Resistance is mostly invisible. In the online world of RSS and social media-ness, like clings to like. Resistance through choice is interesting. Often it’s about being human in the age in the machine or in Lee Siegel’s words being Against the Machine; Being Human in the Age of the Electronic Mob (2008). Siegel continues the anti-internet diatribe of Andrew Keen in the Cult of the Amateur (2007). Both writers follow Neil Postman’s Amusing Ourselves to Death (1985 revised 2005) and Technopoly: The Surrender of Culture to Technology (1993). Throw in Nicholas Carr with his 2008 question Is Google Making us Stupid? Add the JISC and British Library CIBER report into the research behaviour of young people and put all this alongside Jaron Lanier’s manifesto You Are Not a Gadget (2010) to be afraid, very afraid, of ever logging onto a virtual environment again – although of course we will continue to hook ourselves up, cyborg-like, for as long as the connections make it possible. It’s more than an addiction, it’s become a way of life, but within our mass of digitally enabled lifestyles there remain those who resist, who don’t have internet-enabled mobile technology through choice, who wouldn’t consider enrolling on TELEDA and who value their self-chosen non-internet lives.

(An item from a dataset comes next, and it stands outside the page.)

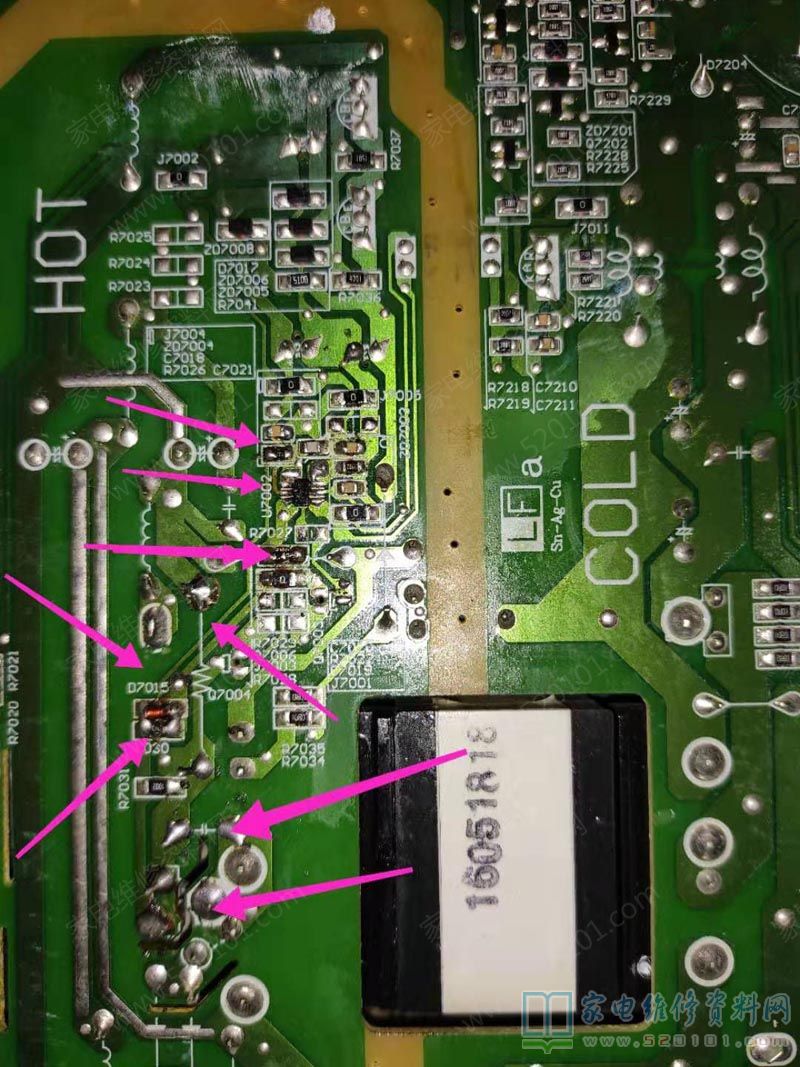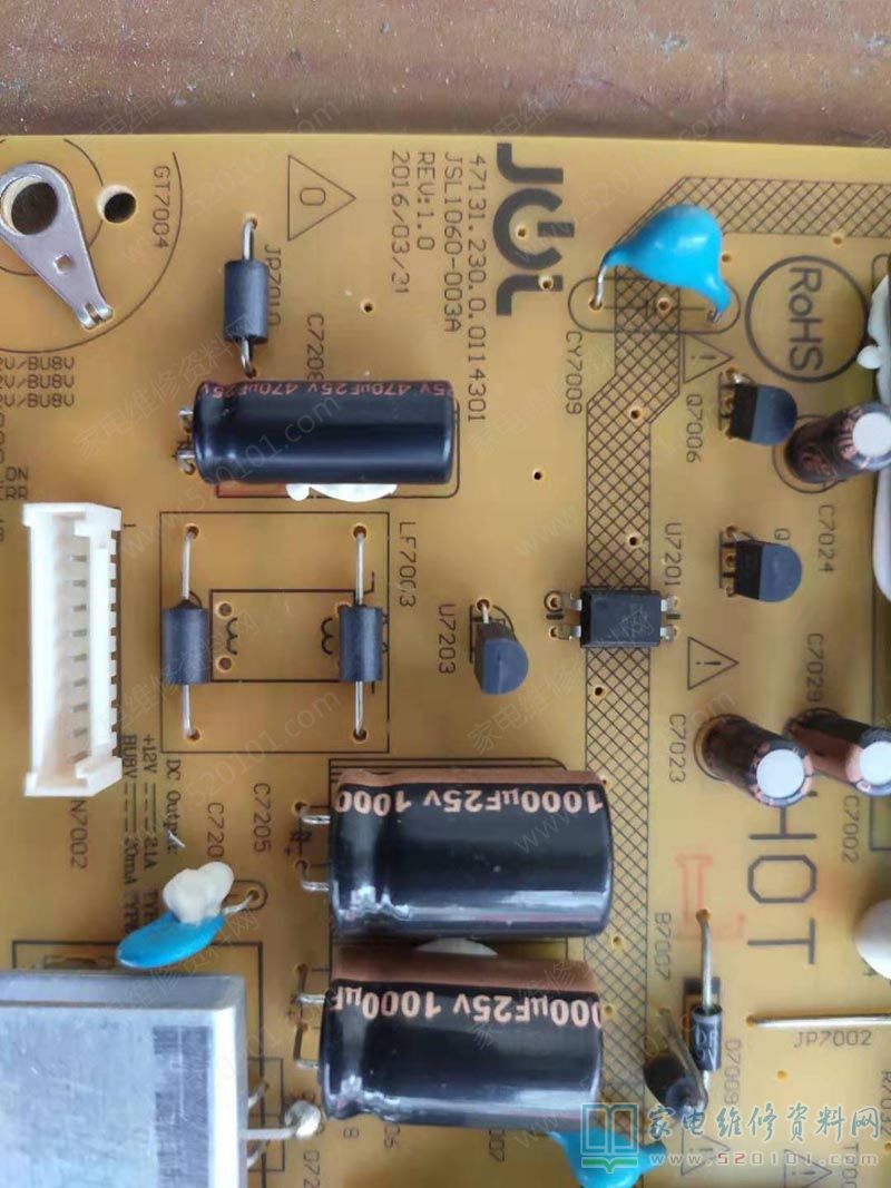 接修一台夏普LCD-40A35A液晶电视,电源背光二合一板JSL1060-003A电源部分烧炸了,进口机器我手里没有图纸就摸索着修,U7002芯片是6脚印丝为R2N,激励输出上面电阻烧了看不清楚,查出共烧了8支元件,U7002、Q7002、R7026、R7027、R7030、D7015、R7032、C7022。手中没有R2N,跑电路分析用7535替R2N,换上损坏元件开机电源正常,但是机器工作几分钟功率管十分烫手,怀疑7535换得不好,之后分别用1251和2263替换仍旧高烧不退,反复调整激励输出电阻仍旧。最后发现是C7022(221/1KV)换的不好,手中没221了就用471/1KV二支串替代。从早上8点试机到12点手摸功率管散热片温微热偏高点。

Perhaps we’ve all been fooled by google. Persuaded by easy access to information and the duplicity of google+ hangouts. We’re all living in the negative utopia of Huxley’s Brave New World. The internet has become a digital Soma-like alternative where we communicate via a machine which monitors and records every interaction for ever. Unless of course we don’t have a digital identity in the first place. Sometimes I feel like Kassandra – tell truths but don’t be believed.  Once you’ve sold your soul to google it’s too late to do anything about it.  You can’t delete a virtual self. Even after death it lives on. Sometimes I’m afraid resistance may prove to be the wisest choice. But only time – and a google database – will tell.